Here is the sad, sad tale of a good loyalty system gone bad: back in the golden times Seattle Coffee Co gave you a card to record 12 (qualifying) drinks purchases against, which already set you up for better than the miserly and frankly craptastsic 5% so many places love to offer. Thing is, if you wanted to, you could buy 12 of the cheapest, say, coffees on the menu and for your 13th could go NUTS and get the biggest baddest-ass coffee there. Which, subjectively, felt utterly like it was made of win.

Thing is, it takes a special kind of nutbar to go to those kind of lengths so, from the company POV, I'll bet that the number of people doing that was trivial ..but you COULD! And you could get a fizz from the idea of (you think) scamming them for that big coffee on #13 (conveniently forgetting just how much you'd already laid out to get to this point) and, net result, you had these great associations with the shop ...JUST what they want from you, the paying public.

Then, in a stroke of sheer, unadulterated GENIUS they pulled the system and put in, oh look, a five fscking percent off system that, and this is where it really got great, YOU HAD TO DEPOSIT YOUR OWN MONEY INTO FIRST! I was ..less.. than thrilled :mad: and, it seems, I wasn't alone.

And this was all in the name of the difference between a nominal 8.3% and 5% ..for THREE LOUSY PERCENT they utterly fvcked all that loyalty and goodwill they had earned. Bottom-line: think it through and don't shaft your clientele.
 
Erk.

That's a pretty crappy loyalty program right there!
 
Looking back I used to spend a LOT of time in Hyde Park Seattle Coffee, it was my go-to place to get away from people (yes, in public I know) 'cos they used to do soothing tunes and you could sit 'n sip 'n browse something or other and just tune out the masses. And now I just don't anymore - go figure.
 
Careful for the accounting though :) you won't be able to recognise the revenue that you have given as loyalty points. i.e sell something for R100 and its 5% loyalty
Dr Bank 100
Cr Revenue 95
Cr Revenue received in advance 5

then when they spend the loyalty points you debit the revenue received in advance :) Just something to think about. if it was a small shop, with basic accounting systems, it can complicate things a bit.

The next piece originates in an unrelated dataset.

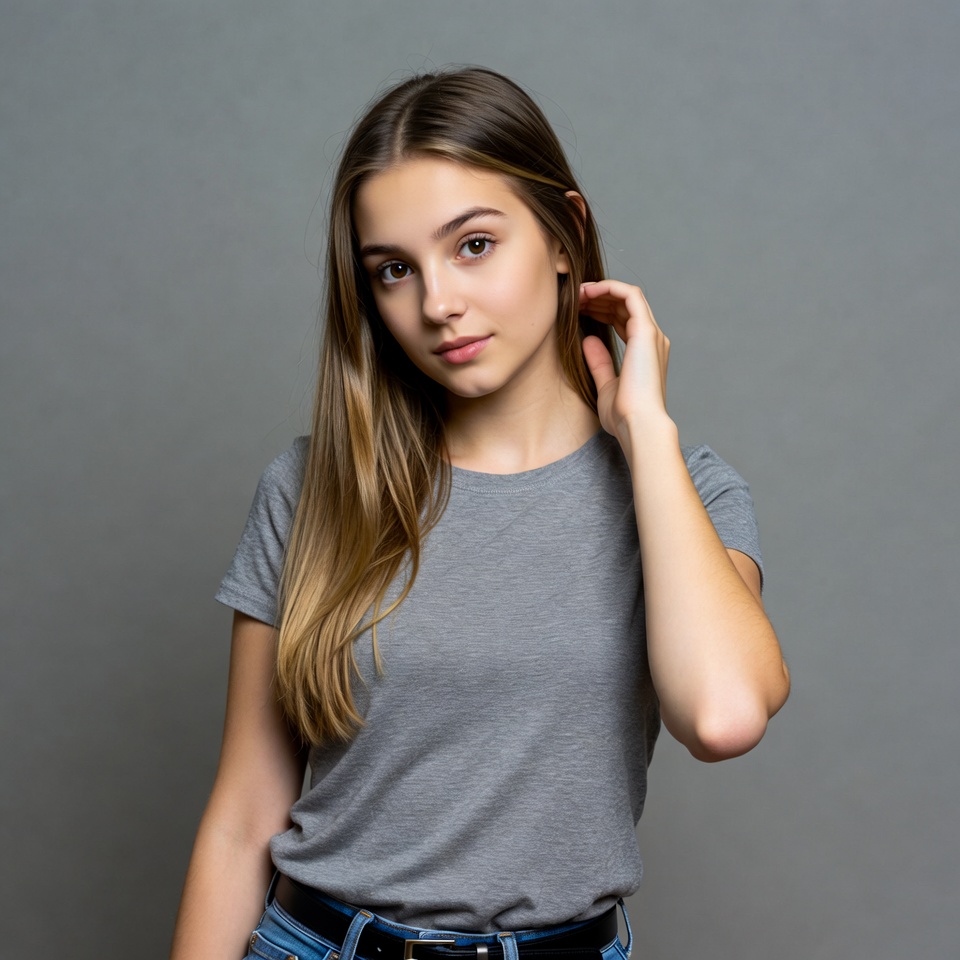 White, blue jeans, brown hair, casual clothing, female, girl, gray background, gray t-shirt, hand on hair, headshot, isolated background, long hair, portrait, short sleeves, straight hair, subtle smile, touching hair, young woman, woman
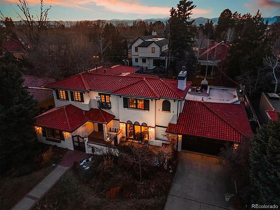 Nestled in Hilltop, one of Denver’s most desirable neighborhoods, this Mediterranean-style estate with stunning architectural details and a terracotta roof exudes villa ambiance. 5 bedrooms and 4.5 bathrooms sprawl across 4,150 square feet of interior living space. The double-height entry foyer with beautiful wood floors welcomes you inside the residence, where Mediterranean-inspired interior design elevates each room. Three sets of French doors in the family and dining rooms bathe the living space with sunlight and open to the outdoor patio, creating a romantic indoor/outdoor living experience. Enjoy the formal living room with a Moroccan-tiled fireplace, custom built-ins and French doors opening to a private courtyard. The immaculately upgraded kitchen is outfitted with high-end appliances by Wolf and Sub-Zero, built-in Miele coffee maker and microwave, two Asko/Bosch dishwashers, travertine countertops, and gorgeous masonry accents. This level also offers a spacious private office with French doors to patio, a mudroom, a half bath, a guest suite, and two additional bedrooms with a shared bathroom, including access to another inviting patio. Retreat to privacy in the luxurious second-level primary suite with a walk-in closet, a balcony, and a bonus sitting area. The second level also has a bedroom with en-suite bathroom and separate laundry room. Set on an expansive 10,900-square-foot lot, the backyard is a tranquil oasis with an exquisite tiled patio that spans two sides of the home and features a spacious outdoor kitchen, dining and living area, a fireplace, and a Moroccan fountain. An entertainers dream home, inside and out! This residence is just blocks from Robinson and Cranmer Parks and minutes from Cherry Creek North for Denver’s premier shopping and dining options. Call or text today to learn more!

Actually you cannot do it like that else your turning the loyalty programming into actually cash system. I've investigated loyalty systems over the last year as I'm implementing one for the wife.

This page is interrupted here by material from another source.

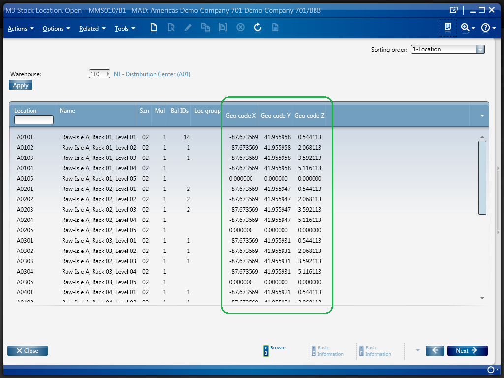 The result is the list of Stock Locations in MMS010/B1 displaying all the Geo Codes XYZ:
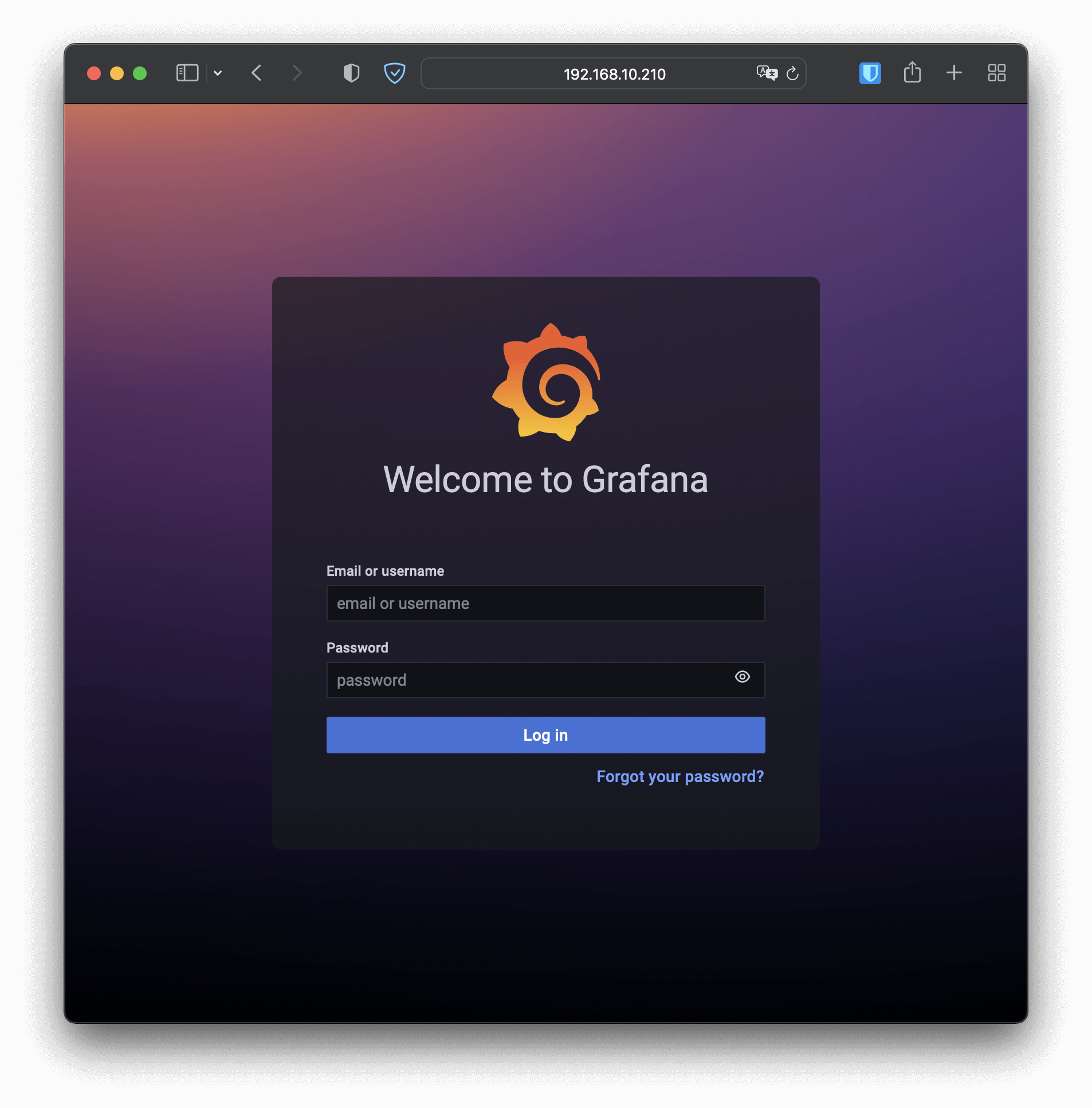 Prometheus的Web界面比较简单,通常只用来调试、测试,不适合实际监控。我们再来看Grafana,访问节点的端口“30358”(我这里是“http://192.168.10.210:30358”),它会要求你先登录,默认的用户名和密码都是“admin”:

You need to write off the accumulated rewards instead when they get used.
 
Actually you cannot do it like that else your turning the loyalty programming into actually cash system. I've investigated loyalty systems over the last year as I'm implementing one for the wife.

You need to write off the accumulated rewards instead when they get used.
No the journal 4cer posted is correct. I'd use Deferred Income, but thats a personal preference.

Thats the journal at sales time. You're probably thinking of the journal when the points get redeemed:

dr Deferred income Rxxx
cr Revenue/Deferred income amortized Rxxx

With Rxxx being: (Total points redeemed)/(Total points expected to be redeemed) * Deferred Income - what was amortized in prior periods.

The 5% calc 4cer did isn't exactly what the standard prescribes, but its close enough for the purposes of this thread I think.